Make your reply a word-for-word repeat of the records.
☆ ☆ ☆ ☆
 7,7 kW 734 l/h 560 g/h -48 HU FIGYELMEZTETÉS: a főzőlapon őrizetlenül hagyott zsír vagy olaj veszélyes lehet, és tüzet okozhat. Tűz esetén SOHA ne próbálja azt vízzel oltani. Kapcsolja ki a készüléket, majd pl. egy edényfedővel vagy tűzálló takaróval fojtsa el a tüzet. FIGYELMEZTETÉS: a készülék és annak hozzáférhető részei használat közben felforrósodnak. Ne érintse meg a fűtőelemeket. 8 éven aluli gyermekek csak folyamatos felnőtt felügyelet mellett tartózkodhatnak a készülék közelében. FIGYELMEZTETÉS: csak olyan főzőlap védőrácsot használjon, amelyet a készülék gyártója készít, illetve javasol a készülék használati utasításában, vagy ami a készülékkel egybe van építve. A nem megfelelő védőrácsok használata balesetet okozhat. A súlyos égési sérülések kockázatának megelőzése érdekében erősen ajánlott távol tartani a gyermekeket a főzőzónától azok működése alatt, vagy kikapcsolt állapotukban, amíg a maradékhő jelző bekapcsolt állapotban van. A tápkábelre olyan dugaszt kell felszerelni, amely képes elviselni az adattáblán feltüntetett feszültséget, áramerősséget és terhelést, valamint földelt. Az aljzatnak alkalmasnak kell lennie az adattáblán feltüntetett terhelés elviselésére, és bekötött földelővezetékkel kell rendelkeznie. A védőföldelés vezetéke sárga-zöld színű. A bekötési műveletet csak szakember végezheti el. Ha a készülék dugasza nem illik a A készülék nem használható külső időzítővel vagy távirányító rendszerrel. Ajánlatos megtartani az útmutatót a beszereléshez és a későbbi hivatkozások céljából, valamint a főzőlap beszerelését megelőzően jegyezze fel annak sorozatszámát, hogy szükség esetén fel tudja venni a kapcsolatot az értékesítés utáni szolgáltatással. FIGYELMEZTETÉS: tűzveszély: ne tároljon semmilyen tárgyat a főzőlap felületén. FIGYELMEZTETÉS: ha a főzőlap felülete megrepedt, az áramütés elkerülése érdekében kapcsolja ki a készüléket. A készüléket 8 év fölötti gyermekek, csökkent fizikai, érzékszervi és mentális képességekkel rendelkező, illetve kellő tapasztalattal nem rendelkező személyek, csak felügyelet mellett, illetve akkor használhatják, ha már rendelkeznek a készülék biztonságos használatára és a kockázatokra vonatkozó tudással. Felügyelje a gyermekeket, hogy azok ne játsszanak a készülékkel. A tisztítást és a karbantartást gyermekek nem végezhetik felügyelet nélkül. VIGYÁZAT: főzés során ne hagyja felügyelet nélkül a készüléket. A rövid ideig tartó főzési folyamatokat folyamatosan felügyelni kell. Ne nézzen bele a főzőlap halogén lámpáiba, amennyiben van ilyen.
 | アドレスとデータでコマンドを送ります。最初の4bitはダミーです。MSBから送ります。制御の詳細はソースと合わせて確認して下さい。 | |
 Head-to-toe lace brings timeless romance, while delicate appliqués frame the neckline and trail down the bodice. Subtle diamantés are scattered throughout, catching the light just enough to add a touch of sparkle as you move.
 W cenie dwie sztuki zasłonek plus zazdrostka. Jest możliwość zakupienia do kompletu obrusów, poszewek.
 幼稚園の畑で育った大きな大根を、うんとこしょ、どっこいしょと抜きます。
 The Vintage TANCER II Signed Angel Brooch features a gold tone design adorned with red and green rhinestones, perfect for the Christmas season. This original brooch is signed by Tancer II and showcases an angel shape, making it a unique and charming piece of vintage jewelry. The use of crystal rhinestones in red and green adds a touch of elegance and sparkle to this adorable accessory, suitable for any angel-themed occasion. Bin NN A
☆ ☆ ☆ ☆
— Task solution —
 7,7 kW 734 l/h 560 g/h -48 HU FIGYELMEZTETÉS: a főzőlapon őrizetlenül hagyott zsír vagy olaj veszélyes lehet, és tüzet okozhat. Tűz esetén SOHA ne próbálja azt vízzel oltani. Kapcsolja ki a készüléket, majd pl. egy edényfedővel vagy tűzálló takaróval fojtsa el a tüzet. FIGYELMEZTETÉS: a készülék és annak hozzáférhető részei használat közben felforrósodnak. Ne érintse meg a fűtőelemeket. 8 éven aluli gyermekek csak folyamatos felnőtt felügyelet mellett tartózkodhatnak a készülék közelében. FIGYELMEZTETÉS: csak olyan főzőlap védőrácsot használjon, amelyet a készülék gyártója készít, illetve javasol a készülék használati utasításában, vagy ami a készülékkel egybe van építve. A nem megfelelő védőrácsok használata balesetet okozhat. A súlyos égési sérülések kockázatának megelőzése érdekében erősen ajánlott távol tartani a gyermekeket a főzőzónától azok működése alatt, vagy kikapcsolt állapotukban, amíg a maradékhő jelző bekapcsolt állapotban van. A tápkábelre olyan dugaszt kell felszerelni, amely képes elviselni az adattáblán feltüntetett feszültséget, áramerősséget és terhelést, valamint földelt. Az aljzatnak alkalmasnak kell lennie az adattáblán feltüntetett terhelés elviselésére, és bekötött földelővezetékkel kell rendelkeznie. A védőföldelés vezetéke sárga-zöld színű. A bekötési műveletet csak szakember végezheti el. Ha a készülék dugasza nem illik a A készülék nem használható külső időzítővel vagy távirányító rendszerrel. Ajánlatos megtartani az útmutatót a beszereléshez és a későbbi hivatkozások céljából, valamint a főzőlap beszerelését megelőzően jegyezze fel annak sorozatszámát, hogy szükség esetén fel tudja venni a kapcsolatot az értékesítés utáni szolgáltatással. FIGYELMEZTETÉS: tűzveszély: ne tároljon semmilyen tárgyat a főzőlap felületén. FIGYELMEZTETÉS: ha a főzőlap felülete megrepedt, az áramütés elkerülése érdekében kapcsolja ki a készüléket. A készüléket 8 év fölötti gyermekek, csökkent fizikai, érzékszervi és mentális képességekkel rendelkező, illetve kellő tapasztalattal nem rendelkező személyek, csak felügyelet mellett, illetve akkor használhatják, ha már rendelkeznek a készülék biztonságos használatára és a kockázatokra vonatkozó tudással. Felügyelje a gyermekeket, hogy azok ne játsszanak a készülékkel. A tisztítást és a karbantartást gyermekek nem végezhetik felügyelet nélkül. VIGYÁZAT: főzés során ne hagyja felügyelet nélkül a készüléket. A rövid ideig tartó főzési folyamatokat folyamatosan felügyelni kell. Ne nézzen bele a főzőlap halogén lámpáiba, amennyiben van ilyen.
 | アドレスとデータでコマンドを送ります。最初の4bitはダミーです。MSBから送ります。制御の詳細はソースと合わせて確認して下さい。 | |
 Head-to-toe lace brings timeless romance, while delicate appliqués frame the neckline and trail down the bodice. Subtle diamantés are scattered throughout, catching the light just enough to add a touch of sparkle as you move.
 W cenie dwie sztuki zasłonek plus zazdrostka. Jest możliwość zakupienia do kompletu obrusów, poszewek.
 幼稚園の畑で育った大きな大根を、うんとこしょ、どっこいしょと抜きます。
 The Vintage TANCER II Signed Angel Brooch features a gold tone design adorned with red and green rhinestones, perfect for the Christmas season. This original brooch is signed by Tancer II and showcases an angel shape, making it a unique and charming piece of vintage jewelry. The use of crystal rhinestones in red and green adds a touch of elegance and sparkle to this adorable accessory, suitable for any angel-themed occasion. Bin NN A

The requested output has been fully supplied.